Matter of MC

527 N.W.2d 290, 1995 WL 40328
CourtSouth Dakota Supreme Court
DecidedFebruary 1, 1995
Docket18585
StatusPublished

This text of 527 N.W.2d 290 (Matter of MC) is published on Counsel Stack Legal Research, covering South Dakota Supreme Court primary law. Counsel Stack provides free access to over 12 million legal documents including statutes, case law, regulations, and constitutions.

Bluebook
Matter of MC, 527 N.W.2d 290, 1995 WL 40328 (S.D. 1995).

Opinion

527 N.W.2d 290 (1995)

In the Matter of M.C., An Allegedly Delinquent Child.

No. 18585.

Supreme Court of South Dakota.

Argued May 23, 1994.
Decided February 1, 1995.

*291 Jon E. Arneson, Sioux Falls, for appellant Argus Leader.

Delmar Walter, Minnehaha County Public Defender, Sioux Falls, for M.C., child.

AMUNDSON, Justice.

Argus Leader appeals the trial court's order denying access to a juvenile proceeding. We affirm.

FACTS

On September 1, 1993, M.C., a minor, allegedly shot and killed another minor. As a result of this incident, a juvenile delinquency petition was filed against M.C. in Sioux Falls, South Dakota.

On November 10, 1993, the Argus Leader (Argus), a Sioux Falls newspaper, filed a motion to open further proceedings and to obtain a transcript of the transfer hearing. Both motions were based on the same ground, i.e., there is a compelling reason to open the juvenile hearings pursuant to SDCL 26-7A-36.[1] At a motion for access hearing on November 29, 1993, Argus' counsel and M.C.'s counsel presented oral arguments in favor of and in opposition to the motions. No evidence was presented.

After hearing arguments from each party, the trial court asked Argus' counsel to propose an order for access which would comply with SDCL 26-7A-38.[2] The Argus declined this offer and renewed its request for unqualified access.

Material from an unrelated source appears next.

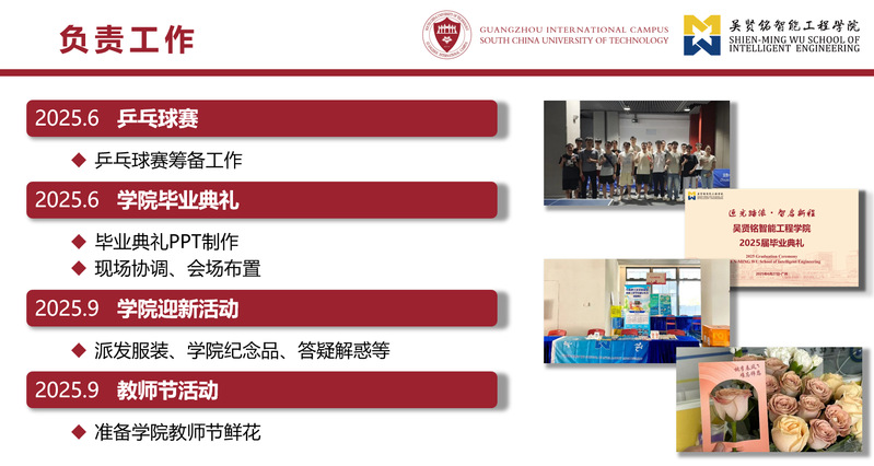 回顾过去一年,学院研究生会立足服务同学成长、助力学院发展的核心定位,依托学院深厚的科研底蕴,主动担当作为。在学术科研领域,积极协助学院成功举办第9届非线性系统与控制会议暨超级机器人国际会议、第二届“和而泰”杯机器人挑战赛、“云纵杯”超级机器人精英赛等一系列高水平活动,有效搭建了学术交流平台,为学院营造了求真务实、探索创新的浓厚学术氛围。此外,为丰富师生课余生活,学院研究生会相继策划组织了学院第一届师生羽毛球友谊赛、乒乓球赛等文体活动,举行庄重的升旗仪式,以多元形式凝聚师生情感;同时完成学院2025年毕业典礼、2025级新生迎新等重点工作,在细致服务中践行责任担当,为学院高质量发展贡献了青春力量。

The trial court issued an order closing all proceedings and denying access to the transfer hearing transcript because Argus failed to present "compelling reasons to require otherwise" as prescribed by SDCL 26-7A-36. Argus appeals. We affirm.

ISSUES

I. Did the trial court correctly apply the balancing test for determining access to the juvenile hearings?

a. Did the trial court correctly place the burden of proof and persuasion on the Argus?

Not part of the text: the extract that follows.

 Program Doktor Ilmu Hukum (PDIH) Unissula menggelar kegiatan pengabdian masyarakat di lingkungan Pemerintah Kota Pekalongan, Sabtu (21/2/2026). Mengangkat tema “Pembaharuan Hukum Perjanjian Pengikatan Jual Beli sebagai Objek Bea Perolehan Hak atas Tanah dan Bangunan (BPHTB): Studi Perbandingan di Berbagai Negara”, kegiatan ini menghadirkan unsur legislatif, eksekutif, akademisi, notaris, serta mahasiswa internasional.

b. Did the trial court adequately consider the public's interest in open proceedings and the qualified constitutional right to access?

c. Was the trial court's conclusion that the alleged delinquent act did not present "compelling reasons" clearly erroneous?

d. Did the trial court err in ruling that none of the previous record in this case was properly within the scope of the access hearing?

II. Did the trial court abuse its discretion in refusing access to a redacted transcript of the SDCL 26-11-4 transfer hearing?

STANDARD OF REVIEW

The constitutionality of SDCL 26-7A-36 is not challenged in this case. Therefore, we review the trial court's order closing hearings under the abuse of discretion standard. Associated Press v. Bradshaw, 410 N.W.2d 577, 579 (S.D.1987). "An abuse of discretion `refers to a discretion exercised to an end or purpose not justified by, and clearly against reason and evidence.'" Matter of Hughes County Action No. Juvenile 90-3, 452 N.W.2d 128, 133 (S.D.1990) (quoting People in the Interest of D.H., 408 N.W.2d 743, 745 (S.D.1987)).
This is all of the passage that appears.